_Dataset content:_

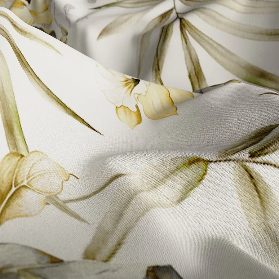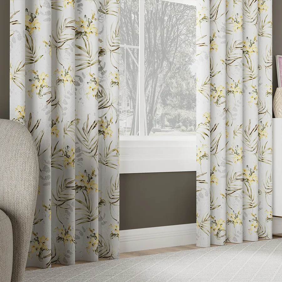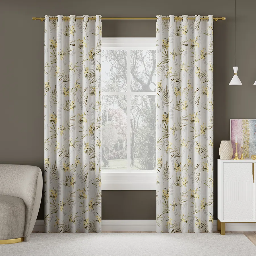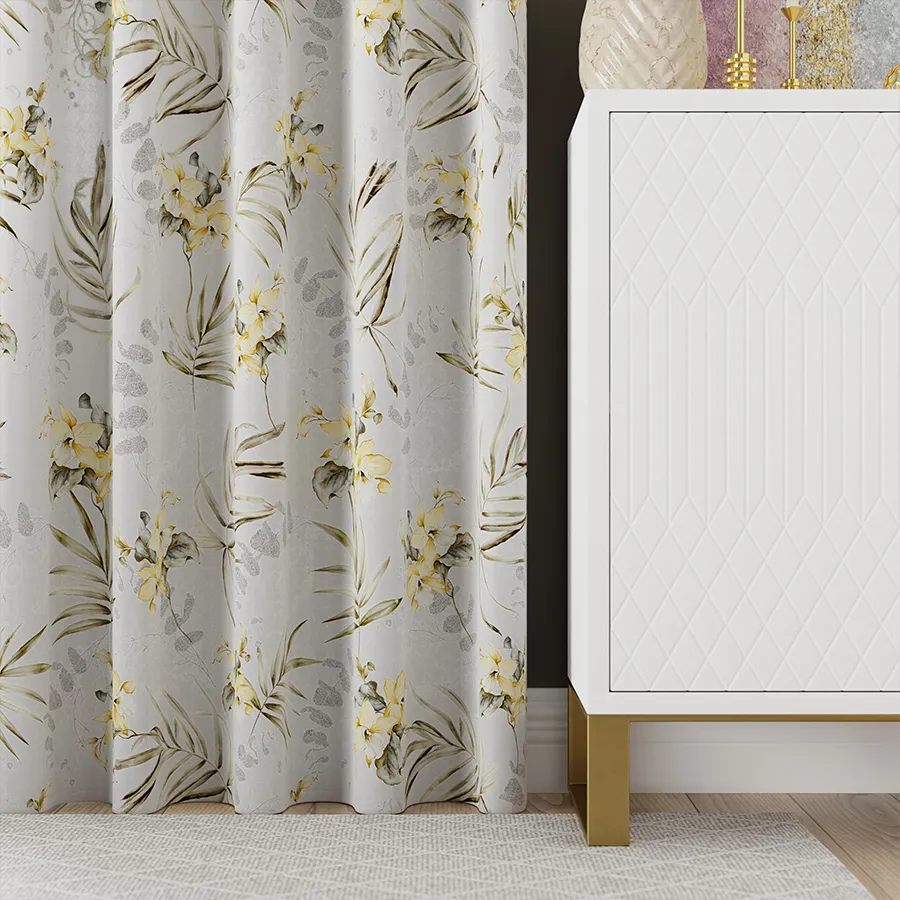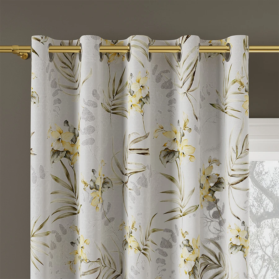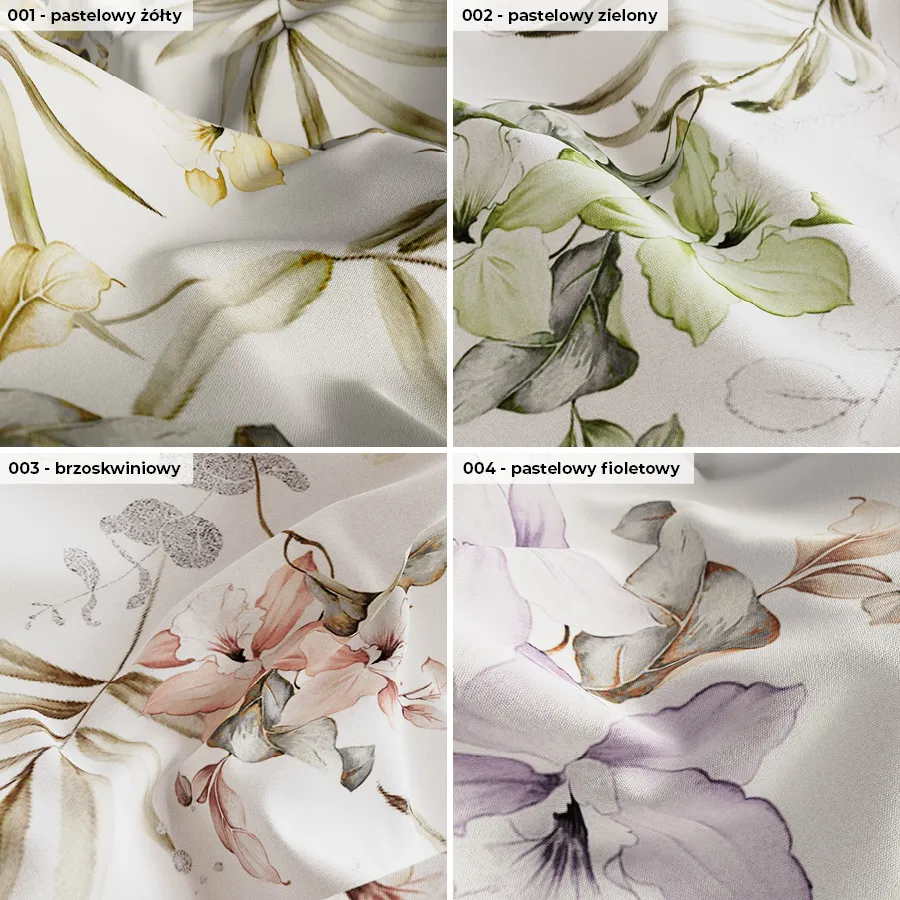 Gładki, półzaciemniający materiał z pięknym motywem roślinnym, dostępny w czterech pastelowych wersjach kolorystycznych. Wysoka gramatura i gęstość materiału gwarantują dość mocne zaciemnienie. Materiał jest miękki i "lejący", dzięki czemu wspaniale się układa, tworząc piękną dekorację. Materiał idealny na zasłony, poszewki lub narzuty.
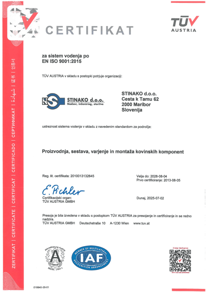 S pridobljenim standardom EN ISO 9001 vključujemo zahteve za sistem vodenja kakovosti, katere kot organizacija izpolnjujemo za doseganje zadovoljstva naših naročnikov.
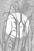 Ikigai. Gras en Maan. Abstracte minimalistische Zen kunst. Japandi stijl I van Dina Dankers
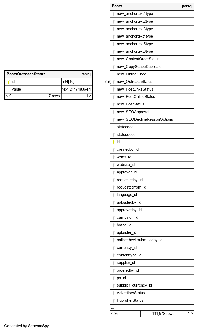 | PostsOutreachStatus_pkey | Primary key | Asc | id |

_Work request:_ Only the pictures are to be left out; all other material is to be output exactly.

_Exercise output:_
 Gładki, półzaciemniający materiał z pięknym motywem roślinnym, dostępny w czterech pastelowych wersjach kolorystycznych. Wysoka gramatura i gęstość materiału gwarantują dość mocne zaciemnienie. Materiał jest miękki i "lejący", dzięki czemu wspaniale się układa, tworząc piękną dekorację. Materiał idealny na zasłony, poszewki lub narzuty.
 S pridobljenim standardom EN ISO 9001 vključujemo zahteve za sistem vodenja kakovosti, katere kot organizacija izpolnjujemo za doseganje zadovoljstva naših naročnikov.
 Ikigai. Gras en Maan. Abstracte minimalistische Zen kunst. Japandi stijl I van Dina Dankers
 | PostsOutreachStatus_pkey | Primary key | Asc | id |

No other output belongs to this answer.